= Beginning of Section =
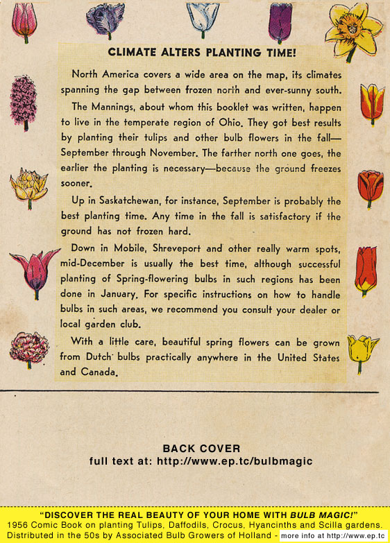 1950s Comic Book on planting Tulips, Daffodils, Crocus, Hyancinths and Scilla gardens. Distributed by Associated Bulb Growers of Holland, NYC
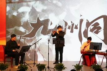 工商管理2101班的谈慕曦、国际商务2202班的陈旭阳和经济2201班的王陈跃天三位同学为我们上演了精彩的民乐合奏《九州同》,激昂的旋律,雄浑的气势带来了一场沉浸式的听觉盛宴。
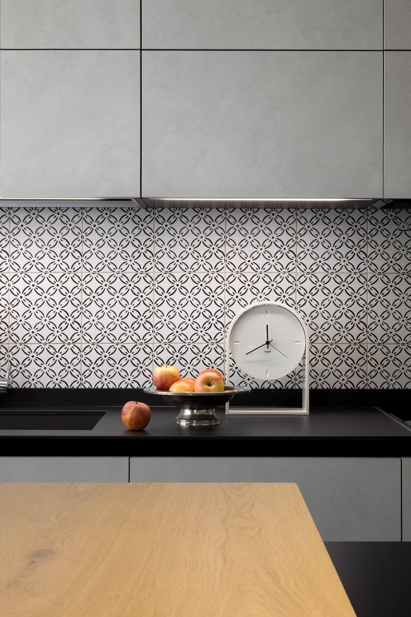 Il cuore della casa è una cucina simmetrica e leggera, progettata con il modello Logica Alf DaFrè – Valdesign, con basi e pensili in nobilitato Rasato, top in grès nero e gola e zoccolo laccato opaco nero.
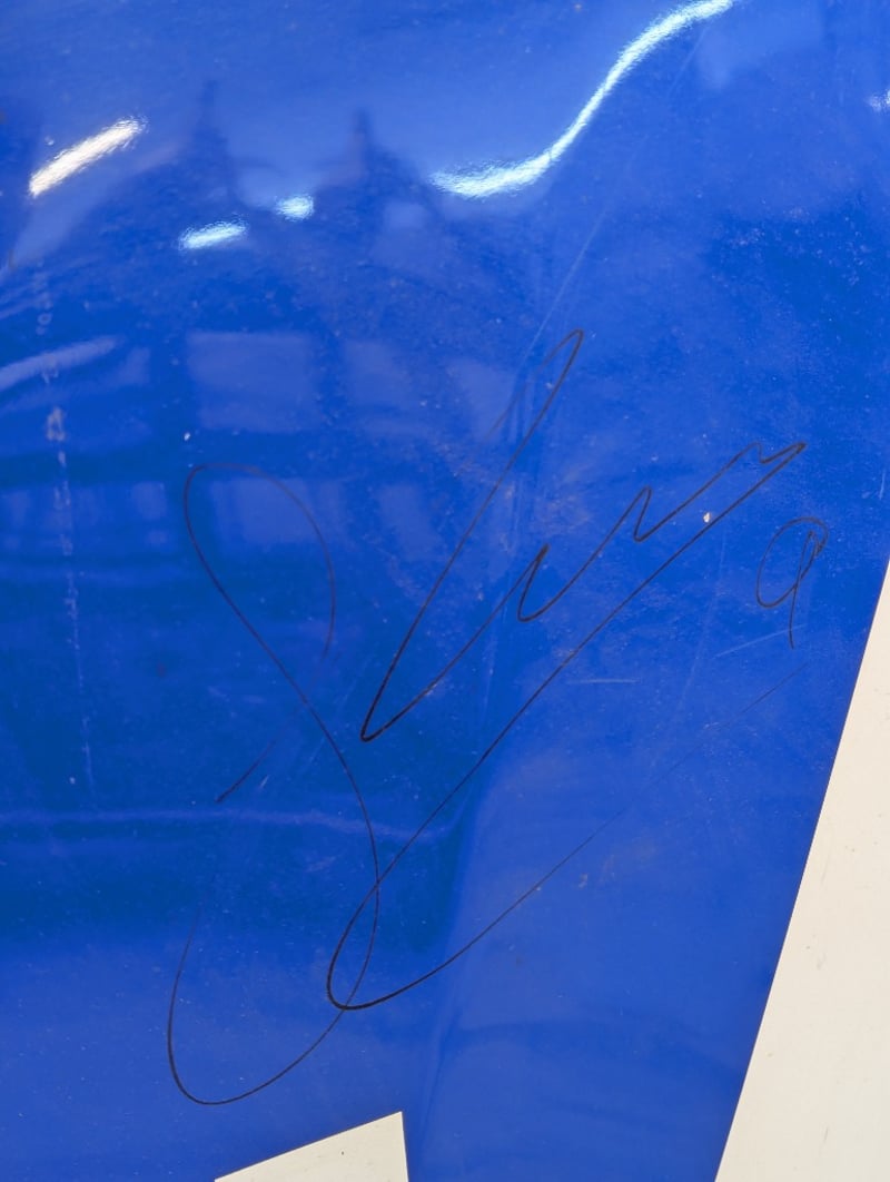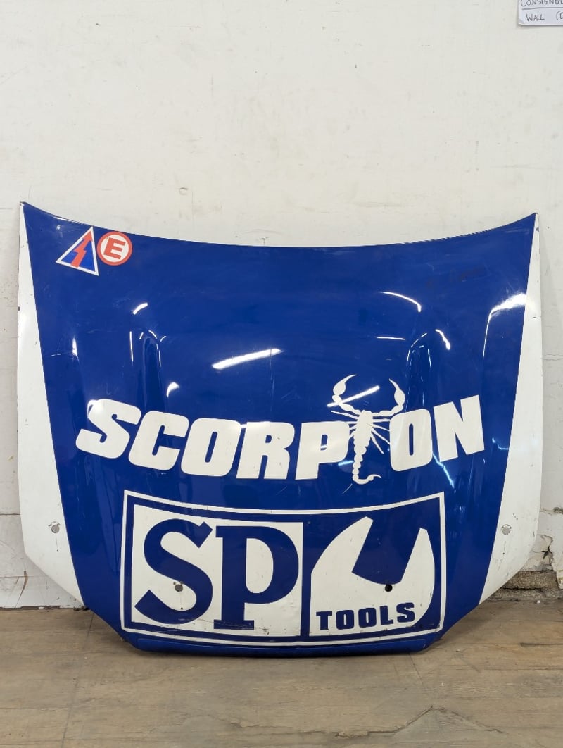 HAND SIGNED V8 SUPERCAR SCORPION/SP TOOLS BONNET Item Size: Height: 126cm, Width: 152cm, Depth: 10cm Signature Unknown Dents And Scratches On Bonnet Condition: Fair - Refer To Images 587714+3
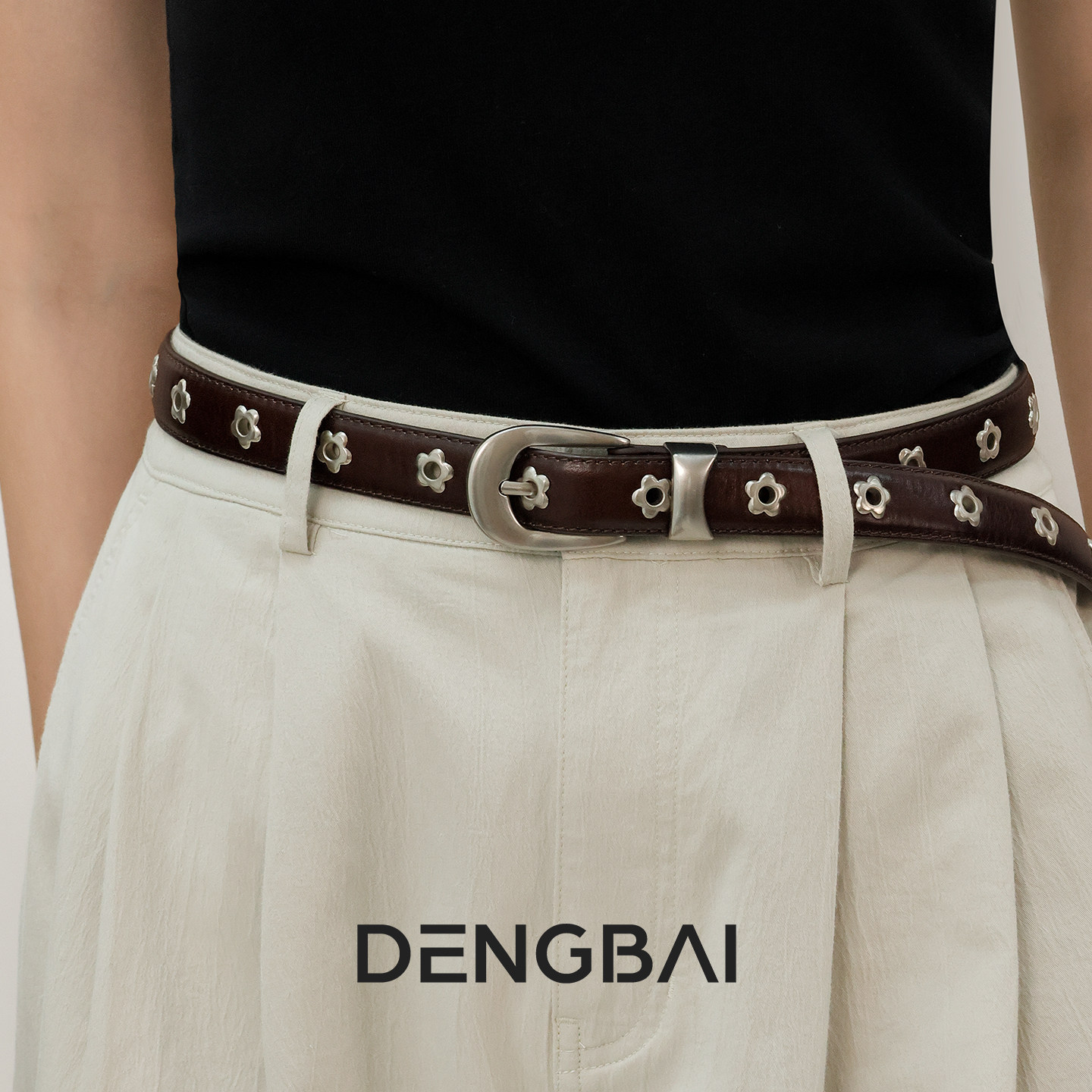 登白DENGBAI 秋冬新款 梅花钉 头层牛皮腰带时尚牛仔裤皮带
= End of Section =
| TASK PROMPT |
Copy the records above exactly. Do not carry any picture into the copy.

| ANSWER TO THIS TASK |
 1950s Comic Book on planting Tulips, Daffodils, Crocus, Hyancinths and Scilla gardens. Distributed by Associated Bulb Growers of Holland, NYC
 工商管理2101班的谈慕曦、国际商务2202班的陈旭阳和经济2201班的王陈跃天三位同学为我们上演了精彩的民乐合奏《九州同》,激昂的旋律,雄浑的气势带来了一场沉浸式的听觉盛宴。
 Il cuore della casa è una cucina simmetrica e leggera, progettata con il modello Logica Alf DaFrè – Valdesign, con basi e pensili in nobilitato Rasato, top in grès nero e gola e zoccolo laccato opaco nero.
 HAND SIGNED V8 SUPERCAR SCORPION/SP TOOLS BONNET Item Size: Height: 126cm, Width: 152cm, Depth: 10cm Signature Unknown Dents And Scratches On Bonnet Condition: Fair - Refer To Images 587714+3
 登白DENGBAI 秋冬新款 梅花钉 头层牛皮腰带时尚牛仔裤皮带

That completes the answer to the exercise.